There are two basic activities that will introduce challenges to the usefulness of arrays and linked lists: searching and inserting data. We'll talk about searching first, as it will motivate the need to carefully insert data.
Let's say you have a list of numbers: 1, 3, 5, 7, 9, 11, 13, 15, 17, 19. A typical activity is based on the desire to search that list for a particular value that may or may not be in the list and return its location. If I asked you to find the location of '9', for example, you would probably scan across the list of values until you spotted it, and announce "It's right there!" You might even say "It's the sixth number on the list!" This is precisely the strategy of searching that is used in a linked list.
+---------+ +---------+ +---------+ +---------+ +---------+ head --> | 1, next---> | 3, next---> | 5, next---> | 7, next---> | 9, next---> ... +---------+ +---------+ +---------+ +---------+ +---------+ ^ ^ ^ ^ ^ | | | | | search 1 search 2 search 3 search 4 found on 5
The code is:
linkedsearch.cpp:
struct node { int data; node* next; }; node* find(node* head,int tofind) { node* temp=head; while (temp->data < tofind) { temp=temp->next; } if (temp->data == tofind) return temp; else return NULL; }
As you can see, we look through the list for the value and return either a pointer to it, or a null pointer to indicate that it wasn't found (when we find a larger value).
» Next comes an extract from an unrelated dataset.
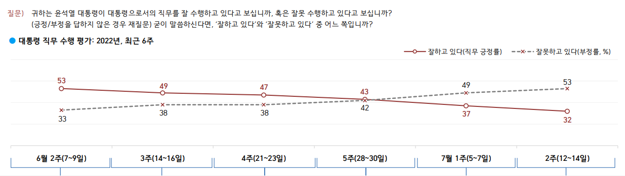 윤 대통령 지지율은 최근 6주간 지속적으로 하락하고 있다. 한국갤럽 조사를 기준으로 6월 2주차 53%였던 윤 대통령 지지율은 6월 3주차 49%, 6월 4주차 47%, 6월 5주차 43%, 7월 1주차 37%, 7월 2주차 32%까지 하락했다. 6주새 국민 21%가 윤 대통령에게 등을 돌린 것이다.

Since, on average, our value will be in the middle of the list, it will take an average of n/2+1 comparisons (+1 for the final check of = or >) to get our result. This is O(n). To see the average search times, look at the following chart:
list size: 10 100 1,000 10,000 100,000 1,000,000 ave. comps.: 6 51 501 5,001 50,001 500,001
What O(n) tells us is this: once the number of elements is large enough, multiplying the number of elements by y multiplies your metric (in this case average comparisons) by y as well (when focused on significant digits). This introduces an issue for us: while this is good, it also kind of sucks. Consider writing a database application: you have your application and you test it with 1000 records and find that your search for records averages 500 ms. You then release your application to a customer who adds 10,000,000 records and finds that searches are taking 5,000,000 ms (or 5,000 s, or 1 hr, 23 min, 20 s). I can pretty much guarantee that you would not have that customer for long. There has to be a better way to search... and there is.
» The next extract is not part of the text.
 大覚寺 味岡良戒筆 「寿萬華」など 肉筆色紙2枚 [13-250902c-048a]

Look at the list of numbers again: 1, 3, 5, 7, 9, 11, 13, 15, 17, 19. Since it's in order, I can approach the problem from a different perspective: look at the middle value (9 in this case) Is it the value we're looking for? Is it lower than what we're looking for? If it isn't the value, then we can focus our search on the top or bottom half of our list. 2 comparisons throw out half the list. Repeating the process will result in every 2 comparisons chopping the potential chunk of list in half. With arrays, we can find the middle of our list easily. Below is the logic to find 13:
Index bounds are 0 - 9, midpoint is index 4 +----++----++----++----++----++----++----++----++----++----+ | 1 || 3 || 5 || 7 || 9 || 11 || 13 || 15 || 17 || 19 | +----++----++----++----++----++----++----++----++----++----+ 0 1 2 3 *4* 5 6 7 8 9 9<13 so index bounds are 5-9, midpoint is index 7 +----++----++----++----++----+ | 11 || 13 || 15 || 17 || 19 | +----++----++----++----++----+ 5 6 *7* 8 9 15>13 so index bounds are 5-6, midpoint is index 5 +----++----+ | 11 || 13 | +----++----+ *5* 6 11<13 so index bounds are 6-6, midpoint is index 6 +----+ | 13 | +----+ *6* found at index 6!
The resulting code is:
arraysearch.cpp:
int find(int* searcharray, int tofind, int size) { int min=0; while (min <= size) { if(searcharray[(min+size)/2]=tofind) { return (min+size)/2; } else if(searcharray[(min+size)/2]<tofind) { min=(min+size)/2+1; } else { size=(min+size)/2-1; } } return -1; }
This search has a worst case scenario of approximately 2*log_2(n) (there may be a + or – 1 in there, but I'm feeling a bit lazy). To see the worst case search times, look at the following chart:
list size: 10 100 1,000 10,000 100,000 1,000,000 ave. comps.: 7 13 20 27 33 40
This is a search that is O(log(n)). What it tells us is that, once the number of elements is large enough, multiplying the number of elements by y adds z to your metric. Here, multiplying by 10 adds about 6.6 comparisons. Repeating the above scenario, you have your application and you test it with 1000 records and find that your search for records averages 500 ms. You then release your application to a customer who adds 10,000,000 records and finds that searches are taking 1175 ms (or 1s 175ms. At that point, your customer may notice that it's "a little slower" than the demo you gave, "but still pretty good".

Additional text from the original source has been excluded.